Structuring a big data strategy
A comprehensive collection of articles, videos and more, hand-picked by our editors
Forging a data science team process is more important than hiring the hard-to-fill position of a data scientist, according to a data science team leader. That makes sense, because the job title of a data scientist, which is still being defined, has expanded to the point where it has become something no one person can do.
In various views the data scientist job description has already come to include R programmer, Scala developer, Hadoop jockey, data quality expert, domain specialist, algorithmic modeler and more. What is needed instead, according to Dan Mallinger, who serves as data science team lead at Mountain View, Calif.-based consultancy Think Big Analytics, is to focus on the overall data science process, not expecting one person to take over an entire role.
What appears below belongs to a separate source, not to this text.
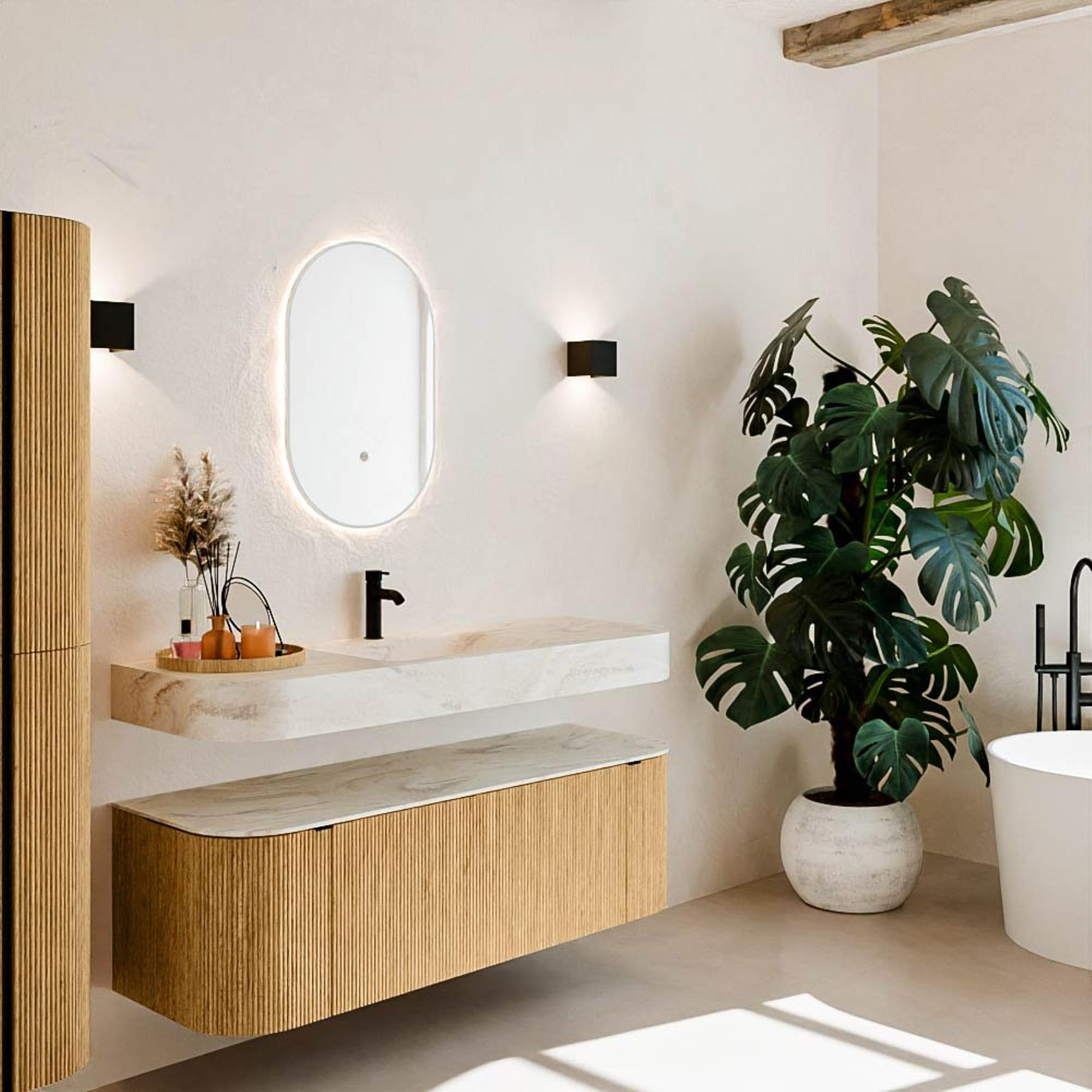 Matériaux naturels dans des tons chauds. Les nervures verticales apportent rythme et texture au design, tandis que le chêne confère une apparence chaleureuse et artisanale. Choisissez parmi 5 teintes de bois OAK, WALNUT, DUSK, SHADOW et RUBY, des couleurs de bois soigneusement sélectionnées pour enrichir les salles de bains modernes et classiques.

"Data scientist may be the worst defined job role in recent memory," Mallinger told an audience at the recent BigData TechCon event in Boston, Mass. Poorly defined it may be, but that does not hold back the going rate of data scientist salaries. The cost of the data scientist may be hidden in big data efforts.
"Things like Hadoop are cheap from a computer standpoint, but they are really expensive from a human resources point of view," he said. "We need a breadth of people and a breadth of skills "for new styles of high-volume analytics."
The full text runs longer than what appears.